Sunday, March 29, 2009

Persepolis

Cory Matheny
Prof. Ellis
First Signifier
March 29, 2009
In 1979, during the Iran Hostage-Crisis, President Jimmy Carter openly questioned the Ayatollah’s interpretation of the Koran as being a misrepresentation of the ideology and intention of Islam. Carter had intended to initiate a dialogue with the Ayatollah on his own terms – theocracy. However, what Carter did not fully realize at the time, and what many American’s still do not realize today, is that those questions relevant to Islam and this political situation are not a functional field of discourse – as the Ayatollah reminded Carter before he refused to release those American’s held hostage in the Embassy. The Ayatollah’s, or any other fundamental, interpretation of the Koran and Islam may be flawed in some respect but these flawed or corrupted interpretations are such not because of their education or theocratic understanding but, in many respects, because they cannot be anything else. A thorough reading of Islamic discourse shines no light on contemporary regional politics, however, a glance at Franz Fannon’s Wretched of the Earth and/or Satrapi’s Persepolis provides a profound analysis of the people who live in this, or any, Muslim nation.
The violence endured by the peoples of ancient Persia over the past century – from WWI to the Cold War to the Revolution in 79’ – has been the violence of (neo) imperialism. This violence, like all violence, has exasperated the experiences of the Iranian people because, amongst other consequences, they have been forced to endure the subjectivity, and associate isolation, of modern society. Seemingly, for at least the past half-century, the question of Islam has been the only pertainent question of/for the people in the Middle East. However, this question is completely unanswerable, because in many respects it is completely irrelevant: the people of the Middle East have, seemingly, universally accepted fundamental interpretations of Islam because it represents the/an antithesis of, what they view, as their western oppressors. Thus, Islam has been assumed by large segments of the population as an affront to western civilization.
The question(s) of Islam are the last, not the first, question that must be asked of the people living in the Middle East. Further, if other issues can be resolved the questions of Islam may resolve themselves as the people’s reliance upon it becomes diminished. In this light, Satrapi and her family are at once the stereotypical Iranian family, divided between their past and their future and, perhaps, the stereotypical modern family, because of the challenges of modern culture: they have been severed from their past by larger cultural forces and are now left to ask, ‘what does it all ‘mean’.’ They no longer have an uncomplicated relationship to their home nation, to the people of their home nation, or, in some respects, even to themselves. Their very existence has been complicated by the processes of modern international reality(ies).
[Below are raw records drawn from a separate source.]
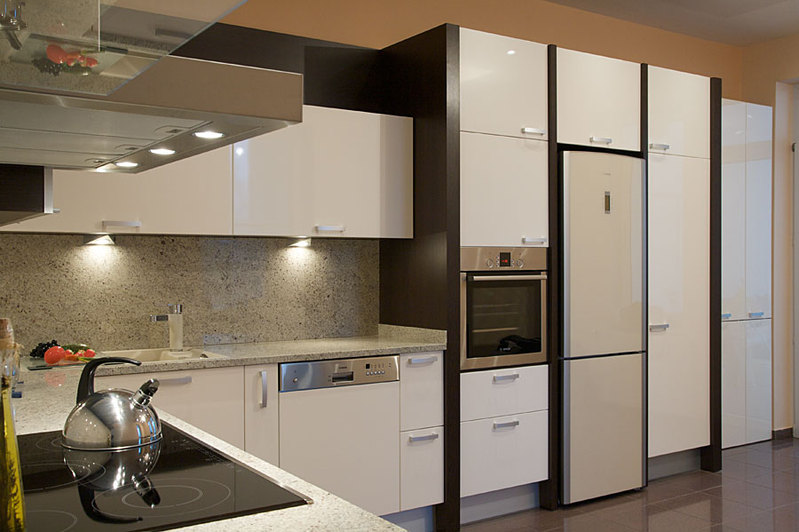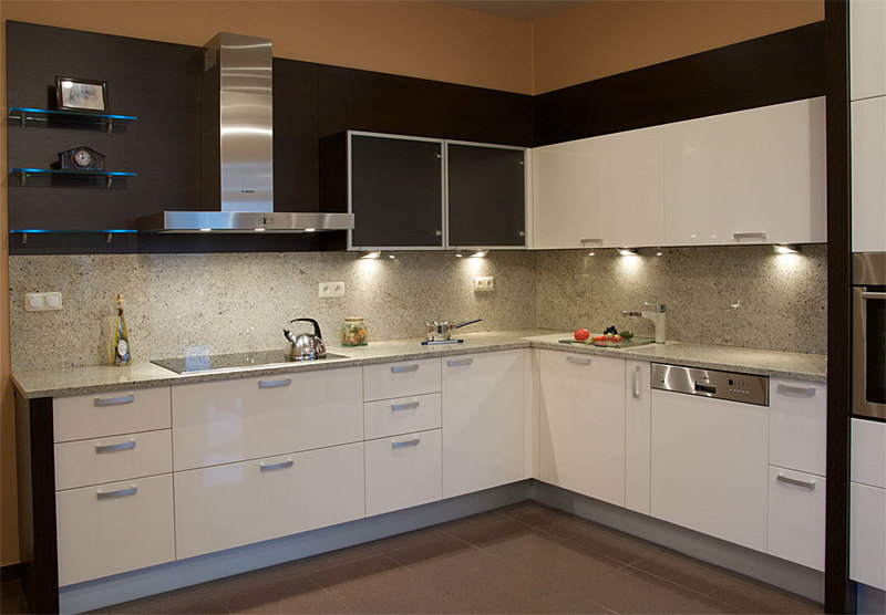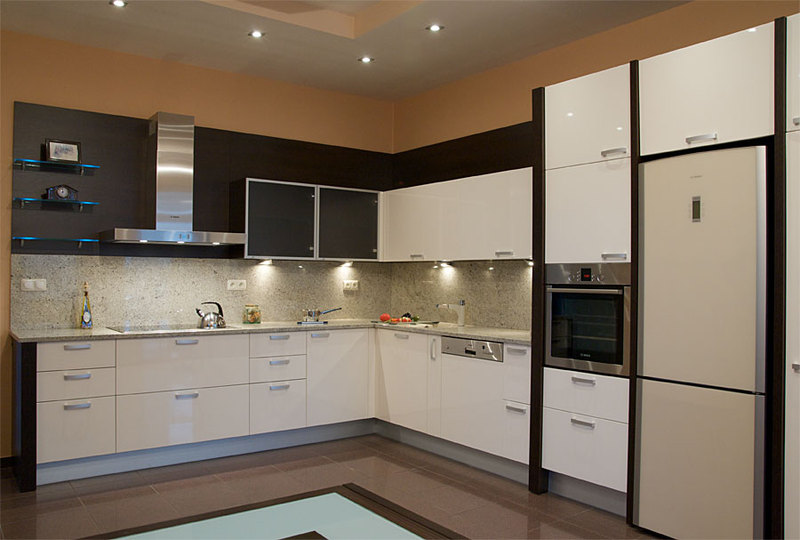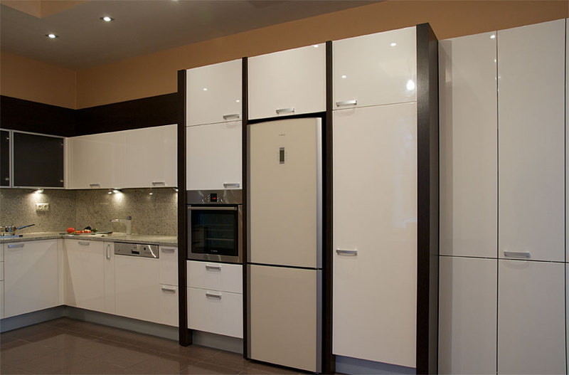 Мебель для кухни под заказ отличается огромным разнообразием цветов, материалов и размеров. Первое на что, обращают внимание покупатели это на фасады кухни. Фасады кухни на заказ изготавливаются из трех основных материалов - это ДСП, МДФ, натуральное дерево. Фасады могут быть изготовлены из экзотических материалов - различные виды стекла стеклоплатистика.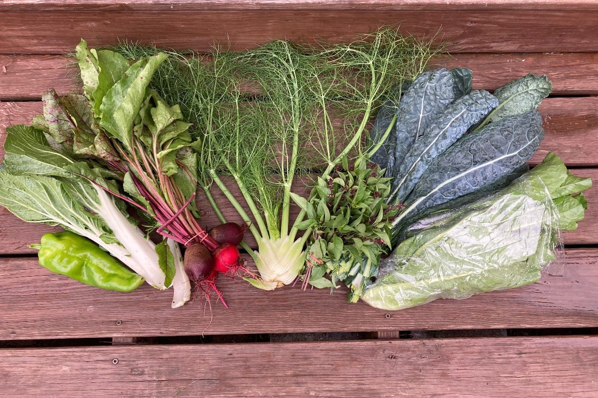 This is our farmer curated selection of vegetables. Your pick-up location will be chosen at checkout. Box content changes throughout the season from lettuce and greens to tomatoes and peppers. 6-8 items in total. Every week we try to offer: something green (lettuce, arugula), a root crop, tomatoes, peppers, and a special crop (kohlrabi, eggplant, watermelon radish, peaches). We also source locally some crops we don't grow.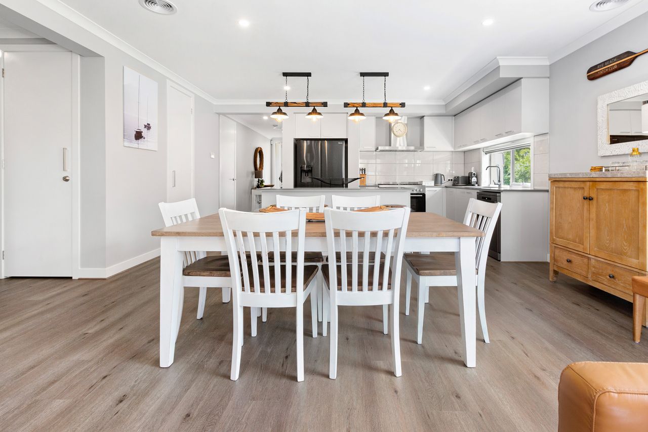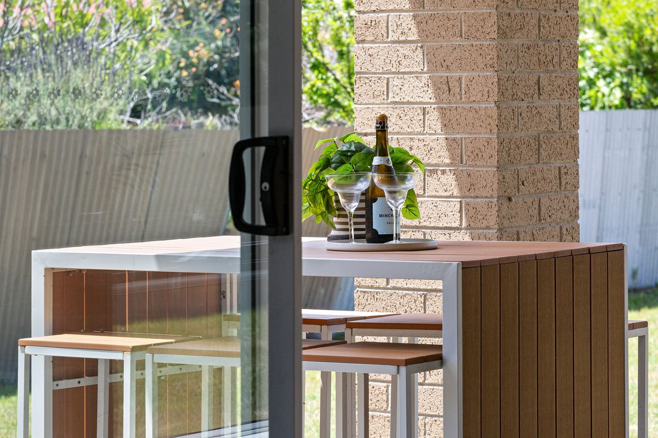 The stone-topped kitchen is well equipped for busy group stays including a double door fridge with ice/water, dishwasher, 900mm gas stove, microwave, a coffee pod machine and plenty of new cutlery and crockery, with seating along an island bench, a central dining table as well as an outdoor dining table beside the BBQ where you can relax with afternoon drinks while the kids play in the yard.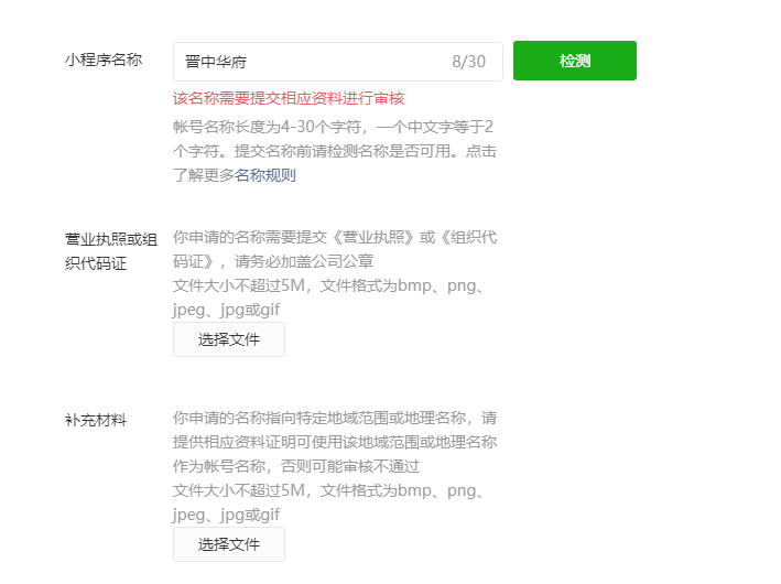 你好,为什么晋中华府小程序名字需要提供相应资料,而晋城华府、山西华府不需要,晋城和晋中同样都是地级市呀?

I want to offer McCloud’s appropriation of ‘closure’ as a suitable interpretation of the problems presented in Persepolis. However, I do not know that the media of comics and its philosophical underpinnings offer a more suitable engagement of the larger geo-political problems presented in the text – I do not know if cognitive engagement can offer an appropriate response to the problems of the Middle East. However, at best, perhaps, the comic media offers a unique means of addressing a world detached from itself. Because comics are a ‘duplicate’ media – they mirror reality without ever proposing to be ‘real’ – they allow the individual to assess their own condition. Comics, maybe better than other media, allow the subject to explore themselves as such and thus allow the individual to see their surrounding as a collection of signifiers and, perhaps, themselves as a signifier simultaneously reflecting and creating one’s self.